There is no evidence from longitudinal studies that smoking cessation halts or slows down the progression of emphysema. In recent studies, we have shown that smoking cessation is associated with decrease in lung density [1112]; nevertheless, the influence on lung density changes of the burden of smoking, continuing smoking and the number of cigarettes smoked is largely unknown. In this regard, lung cancer screening trials with annual CT of the lungs provides a unique opportunity to study the influence of various factors on lung density including smoking habits and the presence and severity of airflow obstruction (AFO). In Denmark, we conducted a lung cancer screening trial [13], in which half of the 4,104 participants were randomised to annual CT of the lungs for 5 yrs between 2005 and 2009. These and similar data from ongoing lung cancer screening trials provide invaluable insight into the pathophysiology and natural history of COPD.

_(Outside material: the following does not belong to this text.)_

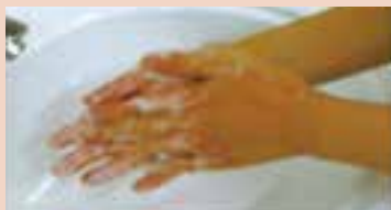
2. 石鹸をとり、手のひらで泡立てる

The literature on quantitative CT of emphysema is extensive, consisting primarily of cross-sectional descriptive studies because of the challenge imposed by lung volume changes during repeated scans. Change in lung volume is the most important confounder of the measurement of emphysema by CT resulting in poor reproducibility. To overcome this obstacle, we have applied statistical modelling to standardise lung density to lung volume both derived from the same scan, and in this way reduce measurement variations [14]. Using this method, we have shown a significant progression of emphysema [15] with a clear time trend that is superior to lung function measures [16]. In the current study, we used data from the Danish Lung Cancer Screening Trial (DLCST) and applied statistical modelling to adjust for lung volume changes between scans to study the influence of age, sex, smoking habits and the presence and degree of AFO on the decline in CT lung density.

MATERIAL AND METHODS

Study population

The study population represents those participants randomised to annual low-dose CT in the DLCST [13], which is a 5-yr trial investigating the effect of screening on lung cancer mortality. Individuals volunteered for the trial in response to advertisements in local free newspapers. From October 2004 to March 2006, 4,104 participants were enrolled and randomised to either annual low-dose CT or a control group, who were not offered CT screening. Participants in the DLCST were males and females who were 50–70 yrs of age without lung cancer related symptoms. Other inclusion criteria were: a history of cigarette smoking of at least 20 pack-yrs; current or ex-smoker; ex-smokers had to have quit after the age of 50 yrs and less than 10 yrs ago; forced expiratory volume in 1 s (FEV1) of at least 30% predicted normal at baseline; and provision of a written informed consent. Exclusion criteria were: body weight >130 kg; previous treatment for lung cancer, breast cancer, malignant melanoma or hypernephroma; any other malignancies within the last 5 yrs; tuberculosis within the last 2 yrs; or any serious illness that would shorten life expectancy to <10 yrs. In addition, measurements from individuals who changed their smoking habit during the study were excluded from the current analysis from the date of change of smoking habit.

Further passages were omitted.